Semantics In Paris 2 (SIP2): Semantics Beyond Set Theory
October 25-26, 2007, Paris, France

Call for papers

Since its creation by Cantor 130 years ago, set theory has come to
play the role of a lingua franca, both in mathematics and in
disciplines that make a strong use of mathematical tools, such as
natural language semantics.

   While helpful in order to understand a great variety of phenomena,
set theory also has certain limitations. Two of them have important
consequences for the analysis of natural language.

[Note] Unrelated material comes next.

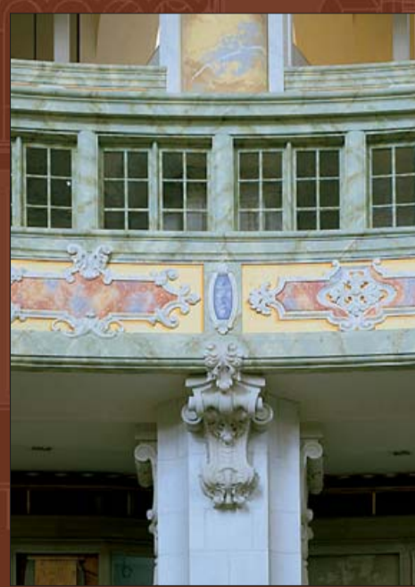
Законченные хоры исповедален полностью скрыли внутренние металлические конструкции.

Законченная к настоящему времени покраска под мрамор – результат многочисленных испытаний, начавшихся в 2001 году на пробной оси пилон F.

   First, the elements of a set must not be too many, on pain of
paradox. Model theory based on standard set theory is therefore unable
to offer a faithful picture of quantification over absolutely
everything there is, as in sentences like "Everything is
self-identical". This limitation also shows up with plurals:
apparently meaningful sentences like "There are some sets such that a
set is one of them just in case it is not a member of itself" cannot
be adequately represented using sets. Second, by its very nature, set
theory is extensional. As such it is ill equipped to deal with
intensional phenomena.

   These limitations of set theory surface in a variety of domains,
among others and non-exhaustively:

- Expressions of togetherness: some advances beyond classical
  mereology have lead to reconsidering the adequacy of set theoretic
  notions; for instance, some theoreticians have claimed that
  expressions of collectivity require the notion of groups as qua

- Expressions of genericity require for their analysis new, non
  set-theoretic tools, in particular in order to handle exceptions and
  higher order entities.

- Finally, since events cannot be identified to temporal traces, the
  analysis of temporal expressions and aspect is likely to go beyond
  the use of set-theoretic notions.  Propositions of communication may
  be submitted on all aspects of natural language for which set theory
  proves its limitations. Works showing the fruitfulness of
  alternative frameworks (e.g.  category theory, linear logic, plural
  logic) for the analysis of natural language semantics are welcome.

Submission conditions

Abstracts must be anonymous. They should be 2 pages long including
references, examples and figures. They should have a 1 inch margin on
all four sides and use at least a 12 points font.  Files may be in
plain text, PDF, RTF or MS Word.  Names and affiliations should be
indicated in the body of the message. Proposals should be sent at at no later than September 1, 2007. Contact at for information, or consult the conference

Invited speakers
Alain Lecomte (University of Paris 8)
Øystein Linnebo (University of Bristol)
Peter Simons (University of Leeds)

This conference is supported by the GDR Semantics & Modelisation

Organizing committee:
Alda Mari (IJN, CNRS)
David Nicolas (IJN, CNRS)

Scientific committee:
Claire Beyssade (IJN, CNRS)
Denis Bonnay (DEC, ENS)
Paul Egre (IJN, CNRS)
Brendan Gillon (Linguistics, McGill University)
Alain Lecomte (SFL, Paris 8)
Alda Mari (IJN, CNRS)
David Nicolas (IJN, CNRS)
Christian Retore (LaBRI, Bordeaux 1)
Gabriel Sandu (IHPST, CNRS)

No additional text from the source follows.